What you are asked to do
Drop every image, then reproduce the data exactly as given.

Data section
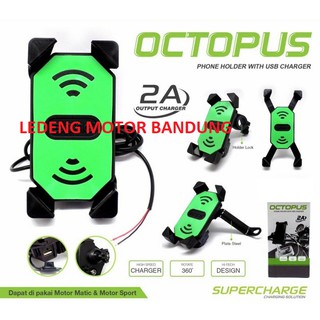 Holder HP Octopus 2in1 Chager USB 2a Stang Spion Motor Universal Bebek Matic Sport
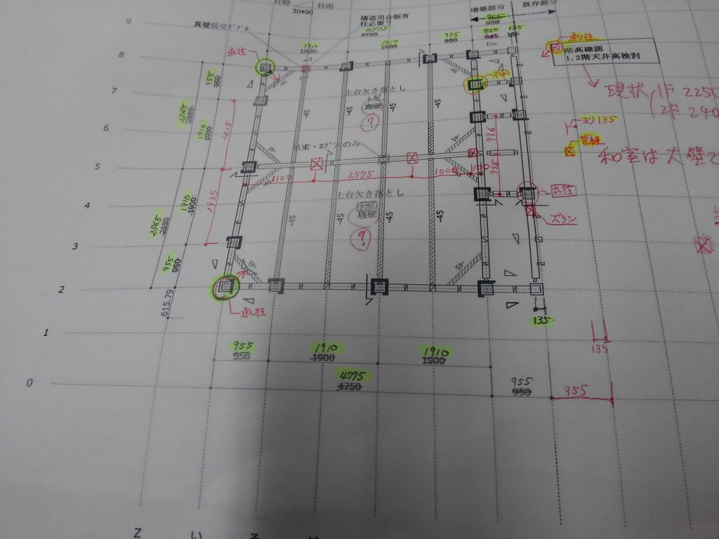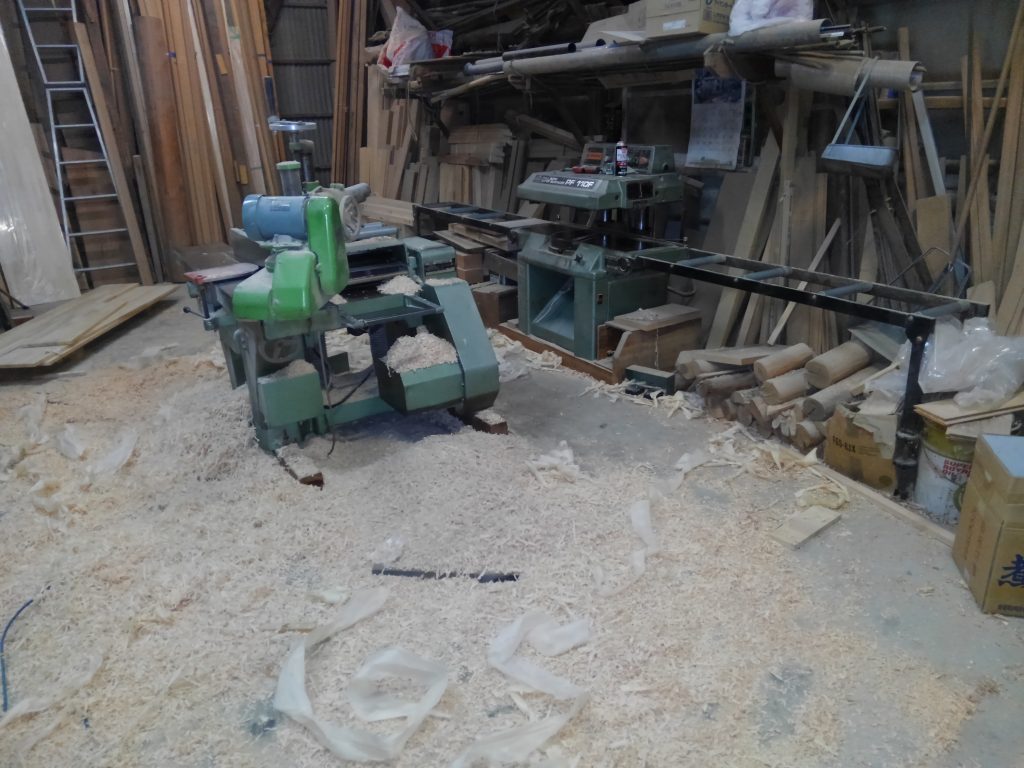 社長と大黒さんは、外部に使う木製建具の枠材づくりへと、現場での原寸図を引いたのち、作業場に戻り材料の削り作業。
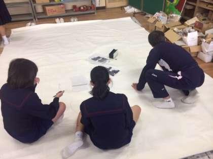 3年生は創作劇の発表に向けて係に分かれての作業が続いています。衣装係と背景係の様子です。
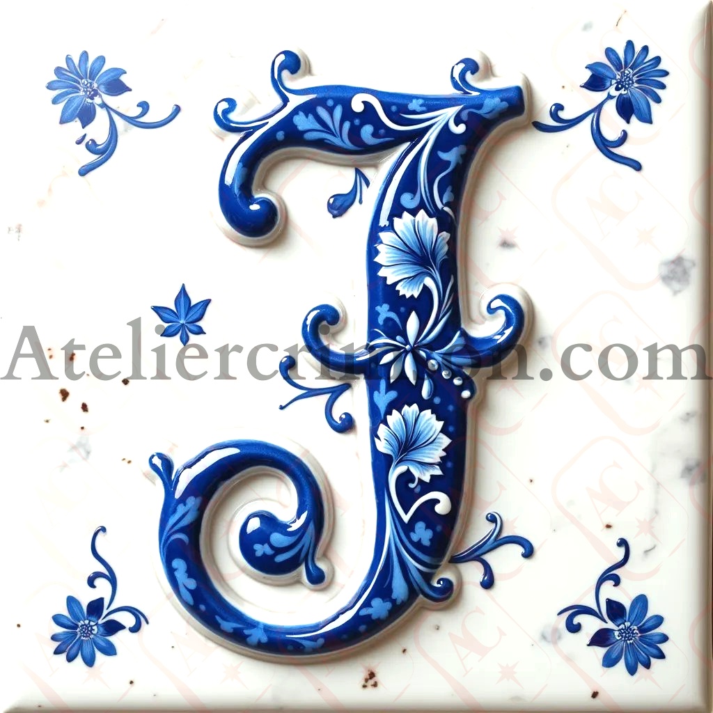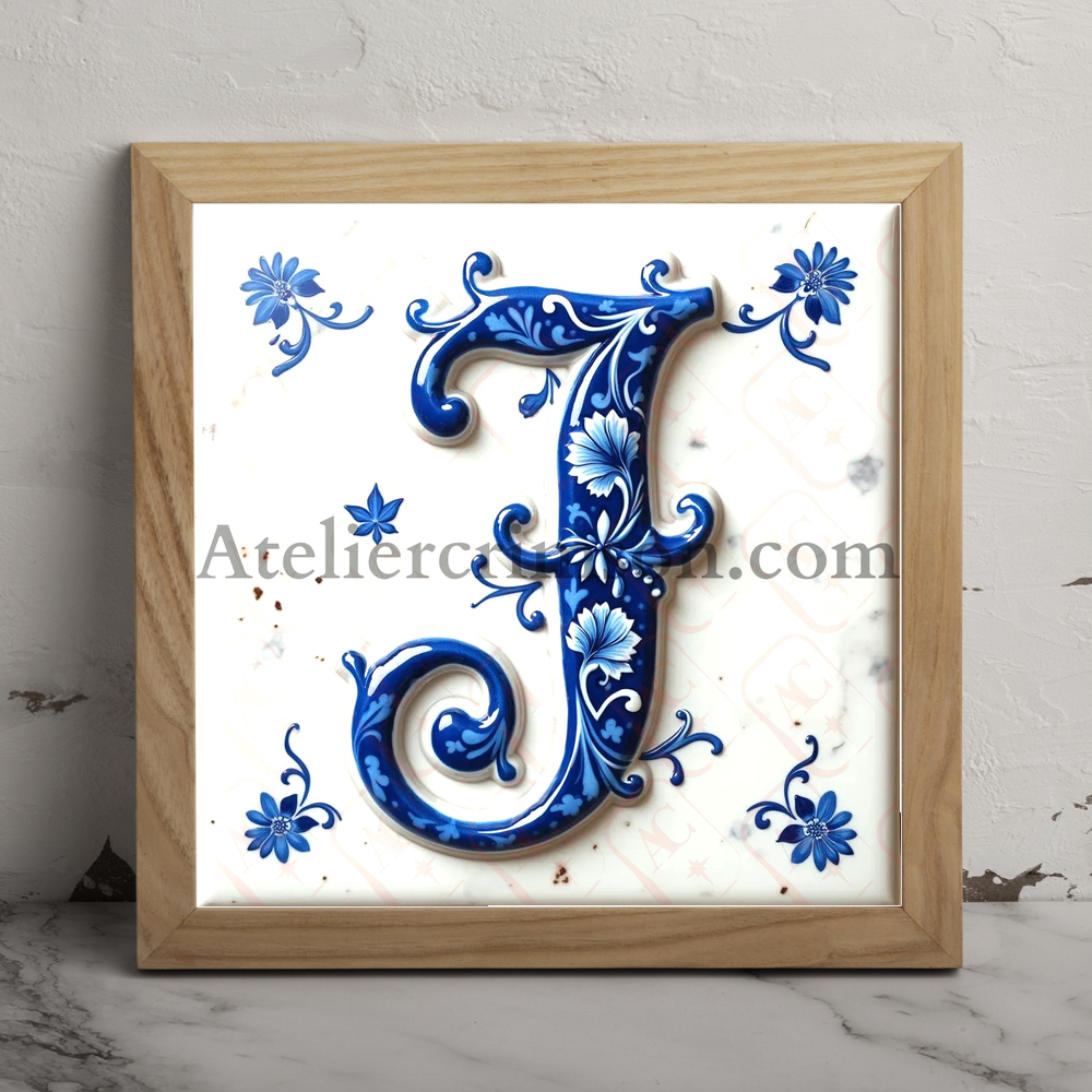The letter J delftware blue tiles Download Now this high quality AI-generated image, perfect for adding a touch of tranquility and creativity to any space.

Exercise response
 Holder HP Octopus 2in1 Chager USB 2a Stang Spion Motor Universal Bebek Matic Sport
 社長と大黒さんは、外部に使う木製建具の枠材づくりへと、現場での原寸図を引いたのち、作業場に戻り材料の削り作業。
 3年生は創作劇の発表に向けて係に分かれての作業が続いています。衣装係と背景係の様子です。
The letter J delftware blue tiles Download Now this high quality AI-generated image, perfect for adding a touch of tranquility and creativity to any space.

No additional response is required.